BEGIN
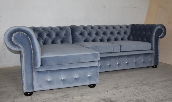 Design Chesterfield Ecksofa Eckcouch Loungesofa Couch Blau Textil
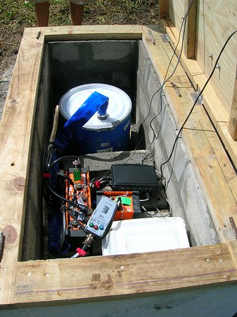 Snug as a bug in a rug as they say. There was plenty of room for the digitizer, battery and recorder. All of the equipment was up off of the ground and sitting on top of a layer of leftover bricks so even if there was a small flood the water probably wouldn't get to the electronics.
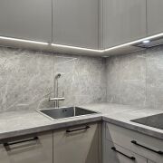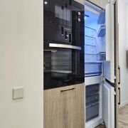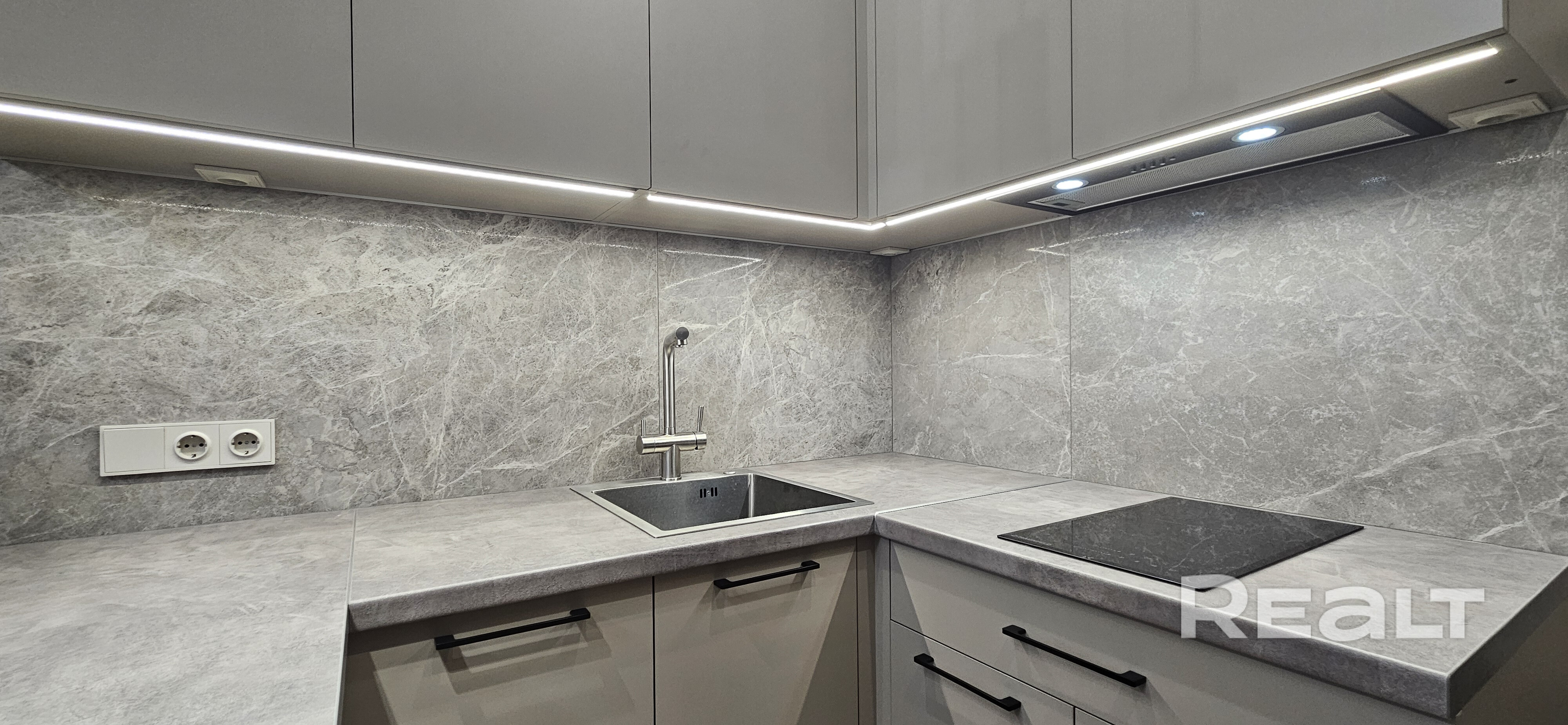 Вся необходимая техника для комфортного быта есть и остаётся после продажи: встроенная посудомоечная машина, духовой шкаф, варочная поверхность, встроенная вытяжка, встроенный холодильник.
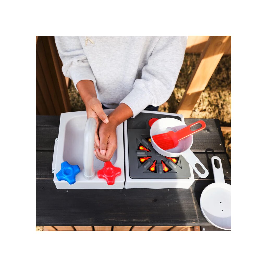 Ve spodní části se nachází domeček s okénky, ideální pro menší děti, a praktický piknikový modul se stolem a lavičkami, který vybízí ke klidnějším hrám, svačinám i společným chvílím s kamarády.
END
● Exercise
Pictures are skipped here. Print exactly, and only, the lines from the one holding "Вся необходимая техника" through the final line of the material above, both ends included.

● Result below
 Вся необходимая техника для комфортного быта есть и остаётся после продажи: встроенная посудомоечная машина, духовой шкаф, варочная поверхность, встроенная вытяжка, встроенный холодильник.
 Ve spodní části se nachází domeček s okénky, ideální pro menší děti, a praktický piknikový modul se stolem a lavičkami, který vybízí ke klidnějším hrám, svačinám i společným chvílím s kamarády.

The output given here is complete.